Кто сказал, что нет на свете вечного двигателя?!
Вот он, вечный двигатель, перед вами: ни на секунду не прекращающий свой
размеренный бег на протяжении дней и недель, месяцев и лет, столетий и тысячелетий…
И если, действительно, движение – есть жизнь, то он – поистине бессмертен.
То, что видел наш Днепр, чему был безучастным свидетелем – нам не дано знать, и
лишь в толстых учебниках истории описано то, что он сам захотел вспомнить, но нет и
слова о том, чем был он столь возмущен, что решил об этом навеки забыть…
Он жил сам и давал жить другим: кормил и поил бесчисленные поколения наших
предшественников, давно растворившихся в призрачной дымке исторического небытия.
Его глубокие чистые воды по-прежнему вкусны и прохладны, но вот заборы для
питья сегодня ведутся лишь в нижних зеленых толщах, потому что у берегов его влага
ощутимо солоновата.
Многие считают причиной тому – горькие слезы беззащитных полонянок, угоняемых тысячами от родных белых хат в татарские и турецкие гаремы, а может быть, миллионов невинных жертв уже нашего времени: опухших селян, забытых пасынков
советской власти, принявших в тридцатые годы ужасные муки голодной смерти…

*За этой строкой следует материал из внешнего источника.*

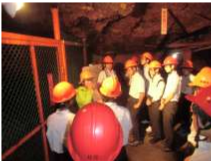
3年 学習合宿・平和学習

Мудрые люди говорят: хочешь жить долго – прикоснись к вечности!
И вот уже более двух столетий к Днепру прикасается, вернее, расположился на его
берегах мой город.
_______________
КТО ОН – ДЖОН ГОВАРД?
Давным-давно, в мои школьные годы, жил-был один учитель истории, который не
уставал повторять своим ученикам, что мыслящий человек отличается от всех прочих
критическим отношением ко многим вещам, как бы лежащим на поверхности. И в том
числе, к общеизвестным фактам и явлениям, подвергая их здравому сомнению и искусно
формулируя вопросы, которые проясняют их подлинную сущность.
348
Теперь, по прошествии стольких лет, я абсолютно равнодушен к этой чепухе, но
чего мы только, глупые, не делали тогда, дабы понравиться нашему школьному кумиру…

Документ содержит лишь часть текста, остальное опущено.